Yes please ignore the comment!
Also, yes, it's a website builder! this comment was to test a notification tool that I'm using right now to notify whenever a new mention of "Typedream" shows up on HackerNews!
There's nothing conceptually wrong with a modem that also contains a NAT firewall/router/switch/(WAP). But in practice, even examining the hardware architecture of a consumer-grade router reveals fundamental design flaws in terms of the monolithic nature of the hardware architecture. Thus, using separate appliances for modem, router, switch, etc., that are physically separated, is still a good idea.
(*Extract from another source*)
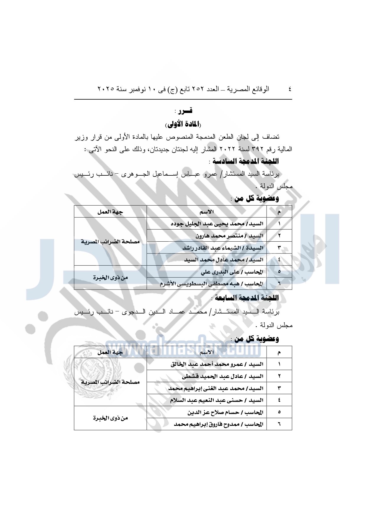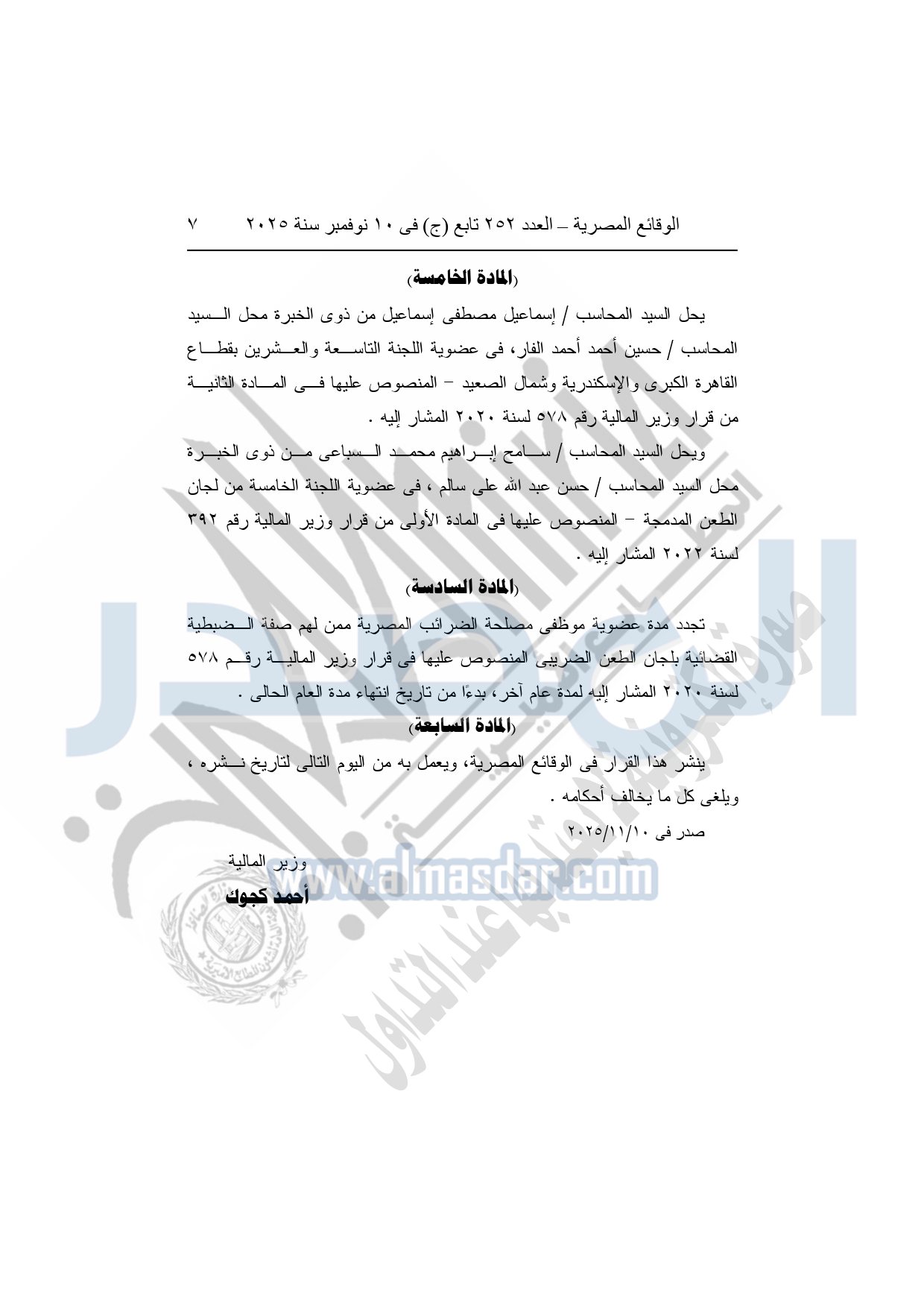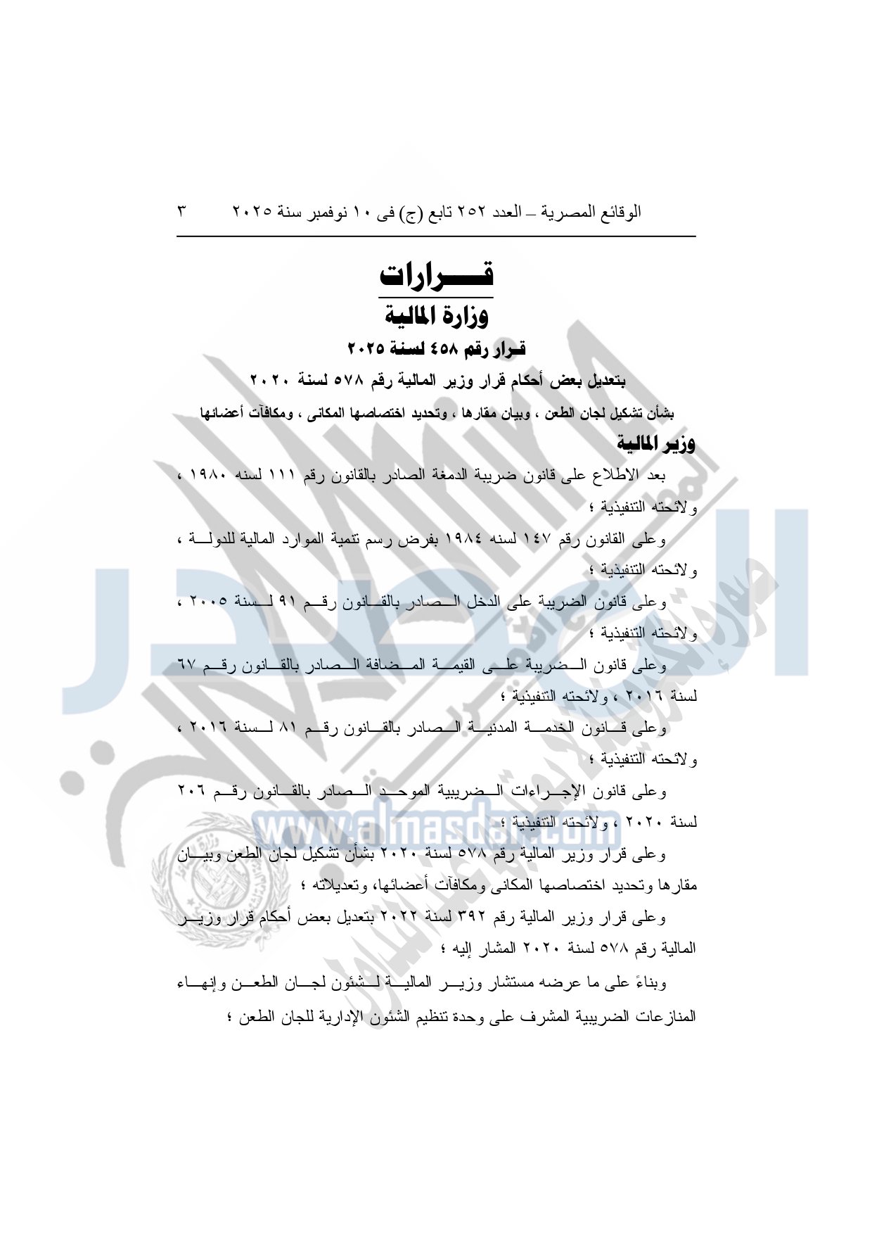 كما نشرت الوقائع المصرية في العدد 252 تابع "ج" الصادر في 10 نوفمبر سنة 2025، قرار وزارة المالية، رقم 458 لسنة 2025، بتعديل بعض أحكام قرار وزير المالية رقم 578 لسنة 2020، بشأن تشكيل لجان الطعن، وبيان مقارها، وتحديد اختصاصها المكاني، ومكافآت أعضائها.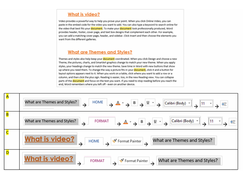 Q7. You would like the formatting of “”What is video?”” to be applied to the second title “”What are Themes and Styles?”” Which is the best method to achieve it?

Of course, once you pick apart the shortcomings of a global TCP/IP network itself, it's clear that a single pipe connected directly to the internet is also a horrible idea, security-wise. I have been asking myself of late: "Self, if we were to design the internet from scratch and from security-first principles, how would it look?" Doing so requires detaching entirely from the existing mess we've created. Actually building a new security-first internet with backwards-compatibility would be an enormous increase in complexity, and would put into question the viability of the security of trillions in investment into entrenched global-scale infrastructure. Thus, any attmepts to solve this problen -- essentially boiling the ocean(s) -- is likely to remain (literally) a (multi-)pipe dream.
However, I am hopeful that new initiatives to build out 'hyperscale' and 'edge' clouds will present a genuine opportunity to realize the dream of a secure internet, secure networking, secure devices.